Parker treasurer asks council to 'pace' itself on spending

Workers with Spencer Concrete of Paola finish edges and remove forms on a 170-foot-long section of sidewalk on the east side of Center Street in Parker on Aug. 14. The project was part of a Linn County sidewalk grant that saw contributions from both the county, the city of Parker, and property owner Chrisy Byerley. The crew also poured a concrete ramp from Main Street to the east side of the Parker Library, where the library board is expected to install as parking lot. (Roger Sims/Linn County Journal)

By Roger Sims, Journal staff

PARKER – The cost of the city of Parker’s legal action to reopen a one-block section of Walnut Street between Baptist Drive and the city’s southern limit got a little more expensive on Thursday, Aug. 10, as the Parker City Council approved a second bill of $18,000 from McClure Engineering Co., which completed a survey of property in that area.

Company representative Lee “Tuff” Hermeck, in December gave an estimate to the council of about $15,000 to complete the survey plus paper work. The city paid the company $8,000 in March for some preliminary work on the project, but the survey of Dan Gaikowski’s lots was delayed after he did not allow surveyors access to his property.

Gaikowski, owner of a metal recycling business on Walnut Street, has contended that because the city has no record of paying previous owners for the street, it was not open to the public. He has expanded the salvage yard of his business to include what was a block of Walnut Street. However, the street Gaikowski gated off was also the access to the residence of Mike Page, a former Linn County commissioner who has been pressing the council to get the street reopened.

Following a court order, a survey crew was allowed access to mark off Gaikowski’s lots, and the city’s case for condemnation is proceeding through the court system.

At the August council meeting, a recent spate of spending – including the purchase of a used tractor for $41,000 less the trade-in of the city’s old equipment – caused city Treasurer Kathy Harrison to warn the council to be cautious for the remainder of the fiscal year, which ends in December.

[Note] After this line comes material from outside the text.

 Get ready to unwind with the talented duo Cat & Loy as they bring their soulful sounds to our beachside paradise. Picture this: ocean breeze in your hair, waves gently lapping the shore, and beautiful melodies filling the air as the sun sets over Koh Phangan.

Harrison told the council the city was over budget on several line items. “We need to pace ourselves a little bit,” she added, saying that the city needed to come in under the budgeted amount.

In a budget hearing at the beginning of the meeting, the council approved a budget that met revenue-neutral guidelines with the city’s tax rate at 31.3 mills for 2024, down from about 34.6 mills for 2023.

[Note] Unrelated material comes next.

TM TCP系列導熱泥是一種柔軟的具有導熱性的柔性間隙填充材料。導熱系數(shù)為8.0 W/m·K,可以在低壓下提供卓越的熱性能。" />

A mill is $1 of tax for every $1,000 of assessed property valuation. Kansas has a statewide assessment percentage of 11.5% for residences, so a house with an appraised market value of $100,000 would have a tax assessment value of $11,500. If the tax rate on that residence is one mill, the tax levied would be $11.50.

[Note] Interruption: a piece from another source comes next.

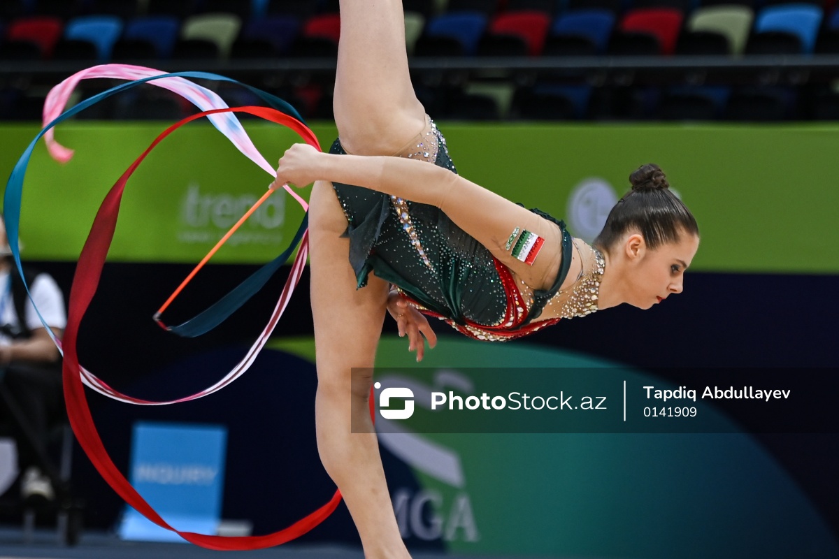Bakıda keçirilən bədii gimnastika üzrə Dünya kubokunda iştirak edən Macarıstan təmsilçisi Fanni Piqnitski.

The council also after discussing the issue for several months voted to adopt an ordinance that would establish truck routes as well as fines for drivers who didn’t use them.

The streets and portions thereof designated as truck routes in the city limits include Center Street (which is also County Road 1077), South Street between Center Street and Walnut Street, and Walnut Street south of South Street. The last two sections of streets lead to Gaikowski’s scrap yard.

County Road 1077 also follows Woodward Street going east out of the city, and west of the city limits it becomes 2100 Road, which goes west toward the Anderson County line and Greeley. Because of that Woodward Street has a significant amount of heavy truck traffic, however, it was not included in the ordinance.

The council also discussed continuing problems with vandalism at the city lake, including spray painting, as well as reckless driving there.

Police Chief Craig Haley said there had been some discussion about installing a camera at the lake because patrolling there doesn’t seem to work. He said as soon as he or officer Cody Kiser drives away from patrolling, people will tear things up.

In other business, the council:

  • Learned that the city received a $500 grant from WalMart to install a solar-powered flashing pedestrian crosswalk sign at the intersection of Center and Woodward street on the corner where Parker Elementary School is located. The cost of the sign is about $800. To cover the remaining cost of that sign plus truck route signs, the council approved budgeting $1,500.

  • Voted to donate $300 to Parker Day, up from $250 last year.

  • Learned that a broken children’s slide in Heritage Park would be difficult to replace. City maintenance worker Dever Scott will put up warning tape around the slide and remove steps to discourage people from using it.

  • Approved waiving a late fee on an overdue water bill for 125 W. Kimball on a split 4-1 vote. The former tenant of the property left owing a large unpaid bill. The property owner paid the bill but requested the late fee waiver.

  • Discussed whether to repair the city skid-steer loader at a cost of nearly $800 for parts and a labor charge of $75 an hour. Scott argued that once it was fixed, the hydraulic system would continue to leak, and he suggested selling it, but Councilman Jason Webber said the city shouldn’t get rid of it. However a motion by Webber to repair the loader failed on a 3-2 vote.

  • Approved extending the employment of temporary maintenance worker Jake Lee through the end of September.

  • Learned that water and sewer system operator Chad Page intends to seek an increase for his contract services. He said he has been working under the same price structure for as many as 12 years and is looking to increase by as much as 15%.

  • Learned that Chief Haley is looking to get prices for radios for the patrol cars from the Linn County Sheriff’s Office. The county recently dropped analog radios in favor of digital, and several cities in the county are looking to catch up.